10. The complainant was examined by the clinical officer Samuel Seno (PW 4).  This clinical officer upon examination, found tenderness on the complainant stomach.  He also found tenderness on the right wrist joint.  Finally, the clinical officer found that there was inflammation in the labia menora, labia majora and her private parts from which he noted a discharge.  Laboratory tests were conducted which showed that there were  red blood cells and pus cells from her private parts which were as a result of the forceful penetration of her private parts.   According to this clinical officer, these findings confirmed rape.  He then put in evidence the P3 form as Prosecution exhibit 1.

11. I find from the complainant’s evidence that she was raped by the appellant.  She reported her being raped to PW2.  Her evidence in this regard is cogent  and was rightly believed by the trial court.  Furthermore, I find that  the appellant was positively recognized by the complainant.  The factors that favoured the recognition of the appellant were as follows.

First, the complainant  knew the appellant as a neighbour. Secondly, the complainant was in close proximity with the appellant.  Thirdly, the complainant talked with the appellant before  she was forcefully raped.

In the circumstances, I find that the appellant was positively recognized by the complainant.

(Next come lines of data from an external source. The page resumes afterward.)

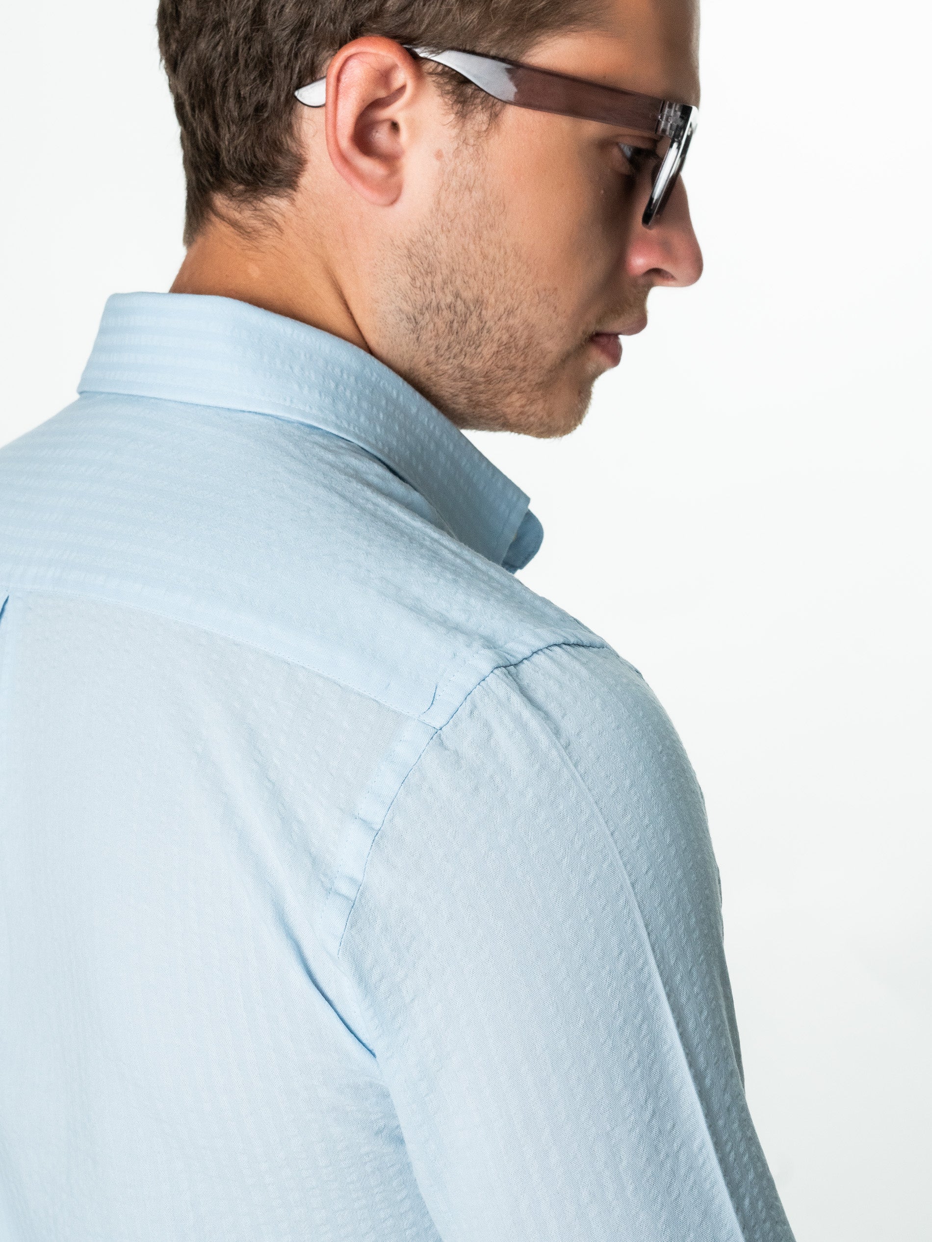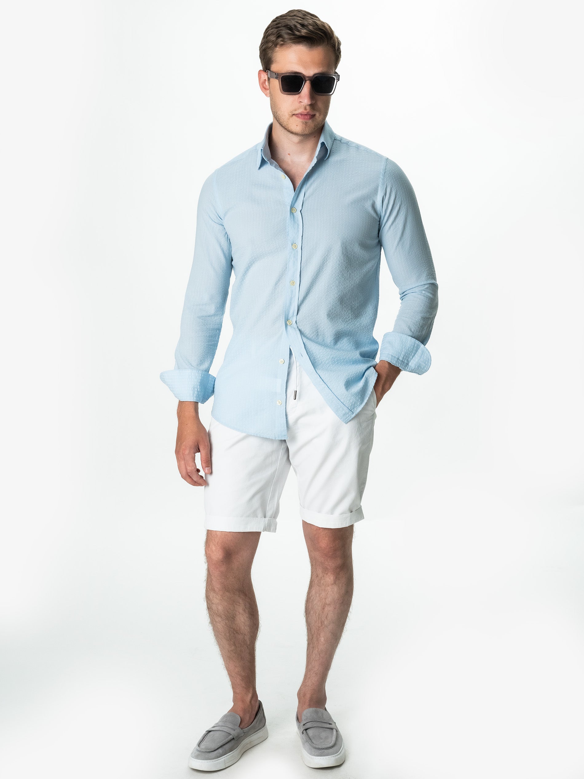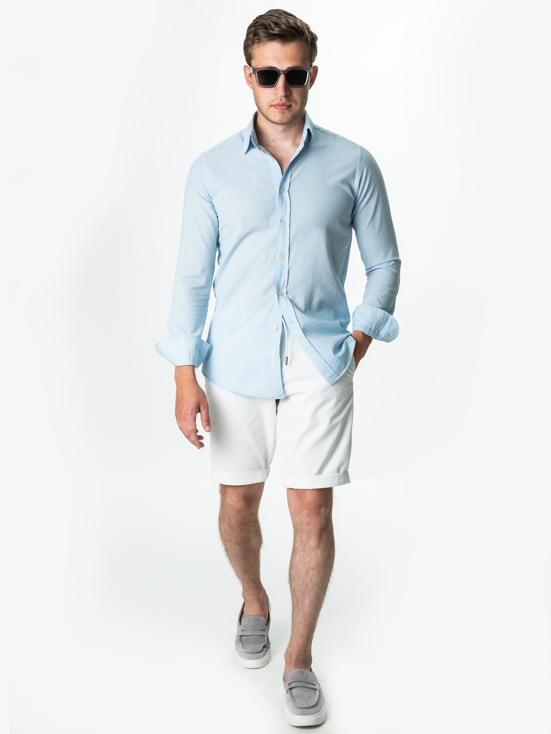 Camasa Barbati Albastru Deschis ( Bleu) De Vara Guler Semi- Deschis ( Semi-Spread) Bman0050, este confectionata din 100% bumbac natural cu design tip Gofre, ceea ce o face confortabila si respirabila, perfecta pentru o varietate de activitati casual de zi cu zi precum vacanta sau plaja. Camasa are un design de guler semi-deschis, care adauga o nota eleganta si sofisticata la tinuta. Culoarea camasii este potrivita pentru a fi asortata cu o varietate de culori, astfel incat poate fi inclusa cu usurinta intr-o varietate de costume si sacouri.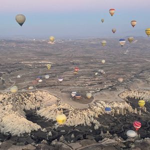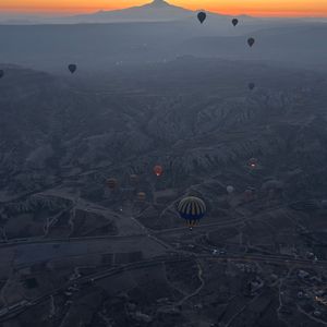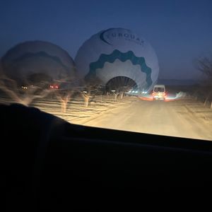 ギョレメ地区から気球の打ち上げ会場までは、まだ暗い街とほんのり色づいてきた朝焼けを見ながら車で約10分。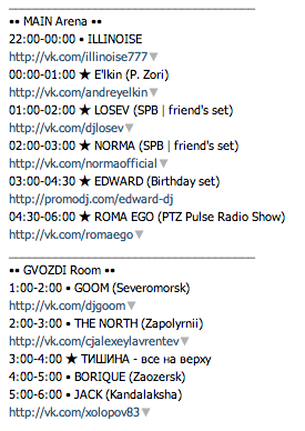 Friends: FONAREV DJ Feel DJ Ratek | TheOne BOBINA Dj Sveta COSMONAUT SPARTAQUE Моди Глю Alexey Sonar ALEXEY ROMEO Johnny Beast SERGEY RIGA DJ СЕРГЕЙ РИГА Ivan Spell DJ ALT blaсk angel Denis A Moonbeam DJ ЦВЕТКОFF Roma Pafos Filatov & Karas BOYKO Dj Сухов VIKTOR STROGONOV DJ DIMIXER DJ Renat / HARERO Sharapov SWANKY TUNES Golden Light Orchestra DJ Stretch No Hopes DVJ KARIMOV all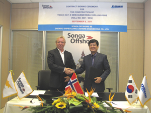 지난 6일 (현지시간) 대우조선해양은 노르웨이 시추선 전문 운용 회사인 송가 오프쇼어(Songa Offshore)社로부터 반잠수식 시추선 2기에 대한 계약을 체결했다고 밝혔다. 또한 양사는 추가로 동급 시추선을 2기를 더 수주할 수 있는 옵션에도 합의했다.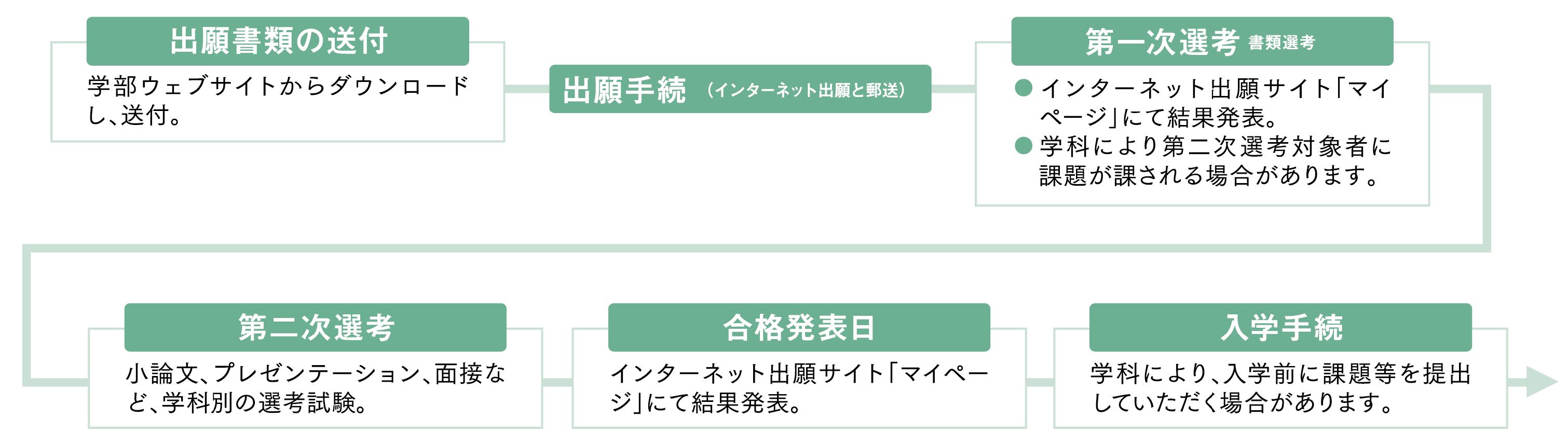 ※令和8年度(令和7年度試験実施)総合型選抜の出願期間です。令和9年度(令和8年度試験実施)の出願期間は令和8年7月頃公開予定です。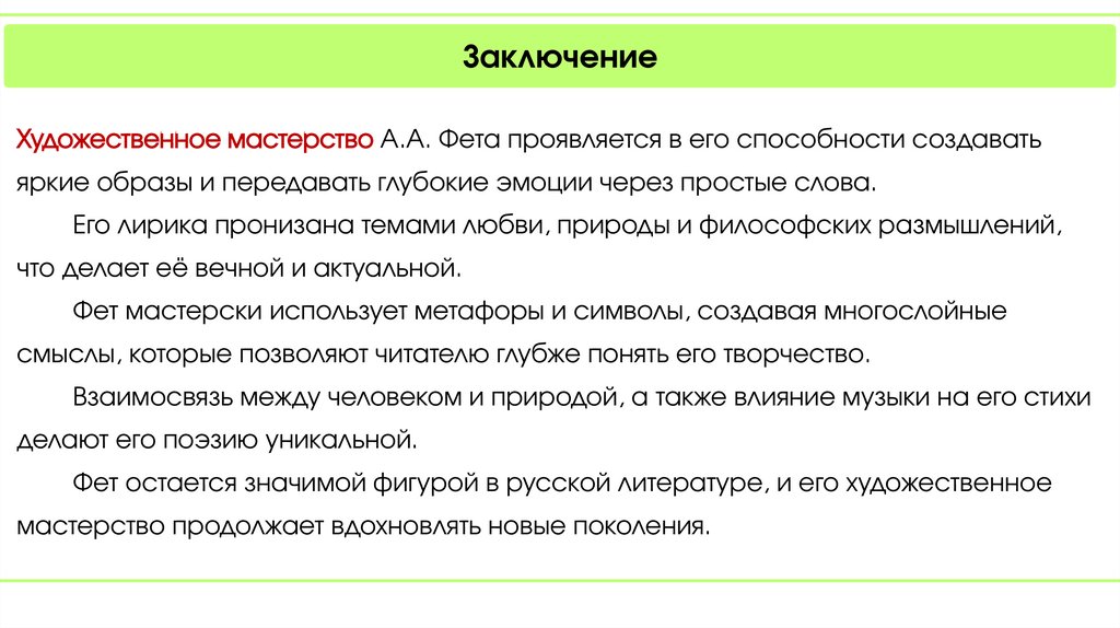 ЗаключениеХудожественное мастерство А.А. Фета проявляется в его способности создавать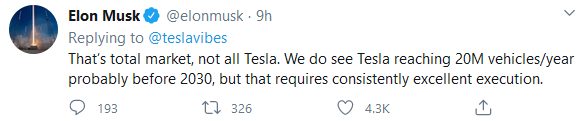 Keep in mind, you will watch over the next few years, several car manufacturers suffering to the point of collapse or desperate mergers. There will be a vacuum developing rather quickly, and there will be survivors, and there will be Tesla. Ample room for growth acceleration for Tesla. I watch Ford now, desperate to team up with VW to be a viable EV company. Which it will not be. Chrysler, Cerberus should have hacked it to pieces like a junkyard car. But somehow they survive by being tossed around by new parent companies. A lot of their product is really poorly designed. VW, they just keep messing up since diesel gate. At least they got Ford giving them use of their unused plants. Yes, Tesla can achieve 20m cars, with customers in line. Fleet. Rentals. Ride shares. And a 25k$ EV commuter could be sold in mass in many countries. Yes, other car companies are projecting a contracting market for them. Thanks Elon
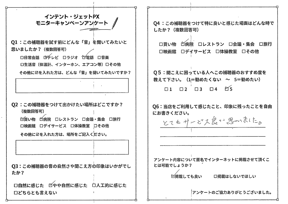 「インテント・ジェットPXモニターキャンペーン アンケート」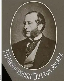 Frederick Hansborough (sometimes Hansbrow) Dutton was born on 2 April 1812 at Colne, Lancashire, and was baptised at St. Bartholomew's Church, Colne, on 25 May 1813.[1]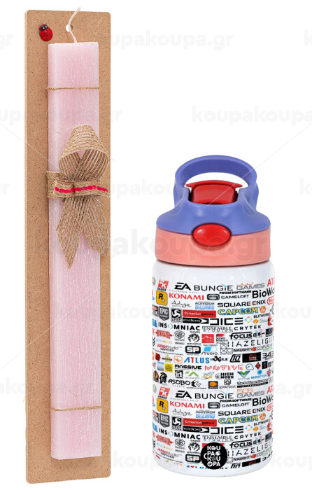 Video Game Studio Logos, Easter Set, Children's thermal stainless steel water bottle with safety straw, pink/purple (350ml) & Easter scented flat candle (30cm) (PINK)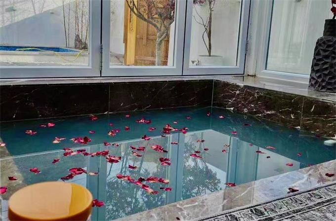民宿室内设计了大的汤池可以泡私汤,水温特别合适,泡一会会微微出汗,相当舒服!大落地窗设计,还可以边泡私汤边欣赏对面的山景,简直不要太惬意了!品一杯红酒,泡泡私汤,随手一拍也是大片即视感,燃爆您的朋友圈!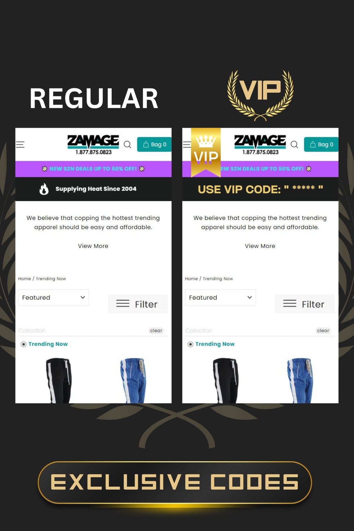 INSTANT BLOWOUT DEALS & PROMOS are ahead! Zamage VIP Membership comes loaded with benefits. At Zamage we believe in "quality" and "quantity". We're driven to provide the hottest drops at the most affordable prices ANYWHERE. Your VIP Membership takes that to the next level, by giving you access to instant blowout items, special promos, and much more!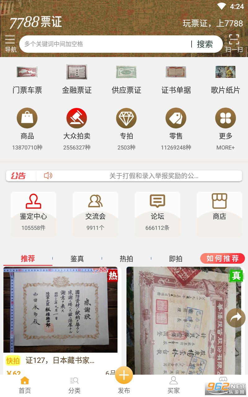 7788票证是专业的票证收藏、鉴定、投资、拍卖交易平台,主要提供专业的票证分类目录、权威专家鉴定、交流会和拍卖会信息、论坛交流以及多种交易模式等版块功能。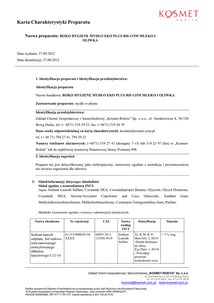 Karta Charakterystyki Preparatu Nazwa preparatu: ROKO HYGIENE MYDŁO EKO PLUS RH-115M MLEKO I OLIWKA Data wydania: 27.09.2012 Data aktualizacji: 27.09.2012 1. Identyfikacja preparatu i identyfikacja przedsiębiorstwa: Identyfikacja preparatu Nazwa handlowa: ROKO HYGIENE MYDŁO EKO PLUS RH-115M MLEKO I OLIWKA Zastosowanie preparatu: mydło w płynie Identyfikacja przedsiębiorstwa: Zakład Chemii Gospodarczej i Samochodowej „Kosmet-Rokita” Sp. z o.o., ul. Sienkiewicza 4, 56-120 Brzeg Dolny, tel: (+ 4871) 319 29 23, fax. (+4871) 319 28 79 Dane osoby odpowiedzialnej za kartę charakterystyki: [email protected] tel. (+ 48 71) 794 27 41, 794 29 23 Numery telefonów alarmowych: (+4871) 319 27 41 (dostępny 7-15) lub 319 25 97 (fax) w „KosmetRokita” lub do najbliższej terenowej Państwowej Straży Pożarnej 998. 2. Identyfikacja zagrożeń Preparat nie jest sklasyfikowany jako niebezpieczny, stosowany zgodnie z instrukcją i przeznaczeniem nie stwarza zagrożenia dla zdrowia. 3. Skład/informacje dotyczące składników Skład zgodny z nomenklaturą INCI: Aqua, Sodium Laureth Sulfate, Cocamide DEA, Cocamidopropyl Betaine, Glycerin, Glycol Distearate, Cocamide MEA, Styrene/Acrylates Copolymer and Coco Glucoside, Xanthan Gum, Methylchloroisothiazolinone, Methylisothiazolinone, Cyamopsis Tetragonolobus Gum, Parfum. Składniki wymienione zgodnie z ustawą o substancjach chemicznych. Nazwa chemiczna Sodium laureth sulphate, Sól sodowa siarczanowanego etoksylowanego alkholou laurylowego C12-14 Nr rejestracji 01-2119488639-16XXXX CAS 68891-38-3, 125301-92-0 Nazwa według INCI Sodium Laureth Sulfate Klasyfikacja Stężenie Xi, R 38, R 41 < 5 % wag. Skin Irrit. 2, H315 -Działa drażniąco na skórę. Eye Dam. 1, H318 - Powoduje poważne uszkodzenie oczu Zakład Chemii Gospodarczej i Samochodowej „KOSMET-ROKITA” Sp. z o.o. ul. Sienkiewicza 4, 56-120 Brzeg Dolny tel. 071/319 2923, fax. 071/319 2879 [email protected], www.kosmet.com.pl, Spółka wpisana do Rejestru Przedsiębiorców prowadzonego przez Sąd Rejonowy dla Wrocławia Fabrycznej, IX Wydział Gospodarczy Krajowego Rejestru Sądowego,, pod numerem KRS 0000002277, REGON 930850566, NIP 917-11-54-737, kapitał zakładowy 6 243 100,00 PLN. Karta Charakterystyki Preparatu Nazwa preparatu: ROKO HYGIENE MYDŁO EKO PLUS RH-115M MLEKO I OLIWKA Data wydania: 27.09.2012 Data aktualizacji: 27.09.2012 Dietanoloamid kwasów 01-2119490100-53oleju kokosowego C8- XXX 18 i C18 nienasyconego (Amides C8-18 (even numbered) and C18unsatd,., N,Nbis(hydroxyethyl) 931-329-6 Cocamide Xi, R 38, R 41, DEA H315 -Działa drażniąco na skórę. Eye Dam. 1, H318 - Powoduje poważne uszkodzenie oczu < 5 % wag. 4. Pierwsza pomoc Wdychanie Zapewnić dostęp świeżego powietrza. Kontakt ze skórą Spłukać wodą. Kontakt z okiem Zanieczyszczone oczy płukać natychmiast dużą ilością wody. Zapewnić pomoc okulisty. Połknięcie Podać poszkodowanemu do wypicia dużą ilość wody. Nie podejmować prób neutralizacji, nie prowokować wymiotów ( ryzyko pienienia). Zapewnić natychmiastową pomoc lekarską. 5. Postępowanie w przypadku pożaru Środki gaśnicze właściwe Stosować środki gaśnicze odpowiednie do otaczającego ognia. Środki gaśnicze niewłaściwe Nie są znane Szczególne zagrożenia Nie występują Informacje dodatkowe Preparat niepalny. W wysokich temperaturach może wydzielać się tlenek węgla i dwutlenek siarki. Środki ochrony indywidualnej dla strażaków Stosować maski przeciw gazowe z pochłaniaczem uniwersalnym. 6. Postępowanie w przypadku niezamierzonego uwolnienia do środowiska Indywidualne środki ostrożności Nie wdychać opar. Zakład Chemii Gospodarczej i Samochodowej „KOSMET-ROKITA” Sp. z o.o. ul. Sienkiewicza 4, 56-120 Brzeg Dolny tel. 071/319 2923, fax. 071/319 2879 [email protected], www.kosmet.com.pl, Spółka wpisana do Rejestru Przedsiębiorców prowadzonego przez Sąd Rejonowy dla Wrocławia Fabrycznej, IX Wydział Gospodarczy Krajowego Rejestru Sądowego,, pod numerem KRS 0000002277, REGON 930850566, NIP 917-11-54-737, kapitał zakładowy 6 243 100,00 PLN. Karta Charakterystyki Preparatu Nazwa preparatu: ROKO HYGIENE MYDŁO EKO PLUS RH-115M MLEKO I OLIWKA Data wydania: 27.09.2012 Data aktualizacji: 27.09.2012 Środowiskowe środki ostrożności Nie dopuścić do przedostania się do źródeł wody pitnej. Zlikwidować wyciek poprzez zamknięcie zaworów, uszczelnienie uszkodzonych opakowań. Procedura oczyszczania Rozlaną ciecz obwałować, a następnie wypompować. Pozostałość przysypać materiałem chłonnym i zebrać do zamykanych pojemników wraz z ziemią. Przeznaczyć do spalenia. Zanieczyszczoną powierzchnię dokładnie spłukać wodą. 7. Postępowanie z preparatem i jego magazynowanie Postępowanie z preparatem Unikać kontaktu i wdychania opar. Nie jeść i nie pić na stanowisku pracy. Przechowywanie Przechowywać w szczelnych opakowaniach. Wymagania dotyczące magazynów i opakowań Kryte magazyny. 8. Kontrola narażenia i środki ochrony indywidualnej Normatywy higieniczne Brak danych Ochrona dróg oddechowych Brak zagrożeń. Ochrona oczu i twarzy Nie wymaga się. Ochrona rąk Nie wymaga się. Inny sprzęt ochronny Nie wymaga się. Środki higieny Niezwłocznie zmienić zanieczyszczone ubranie. Po pracy umyć ręce i twarz. Zakład Chemii Gospodarczej i Samochodowej „KOSMET-ROKITA” Sp. z o.o. ul. Sienkiewicza 4, 56-120 Brzeg Dolny tel. 071/319 2923, fax. 071/319 2879 [email protected], www.kosmet.com.pl, Spółka wpisana do Rejestru Przedsiębiorców prowadzonego przez Sąd Rejonowy dla Wrocławia Fabrycznej, IX Wydział Gospodarczy Krajowego Rejestru Sądowego,, pod numerem KRS 0000002277, REGON 930850566, NIP 917-11-54-737, kapitał zakładowy 6 243 100,00 PLN. Karta Charakterystyki Preparatu Nazwa preparatu: ROKO HYGIENE MYDŁO EKO PLUS RH-115M MLEKO I OLIWKA Data wydania: 27.09.2012 Data aktualizacji: 27.09.2012 9. Własności fizyczne i chemiczne: Informacje ogólne: Postać Barwa Z

12. In ground 6, the appellant has faulted the trial court for convicting him on the uncorroborated evidence of the complainant.  I find from the evidence that the trial court was entitled to convict the appellant on the sole evidence of the complainant.  If corroboration was necessary, it is found in the conduct of the appellant in running away from his home after the offence and returning there in April 2013. In the circumstances, I find no merit in this ground of appeal and is hereby dismissed.

13. This is a first appeal.  As a first appeal court, according to Okeno v. R. (1972) EA 32, I am required to scrutinize the entire evidence tendered at trial and make my own findings and conclusion.  I have done so and I find that the conviction and sentence of the appellant are supported by the evidence produced at trial.

14. The upshot of the foregoing is that the appellant’s appeal is hereby dismissed in its entirety.

Judgement delivered in open court this 5th day of October, 2017 in the presence of Mr. Kilele for appellant and Mr. Mukofu for respondent.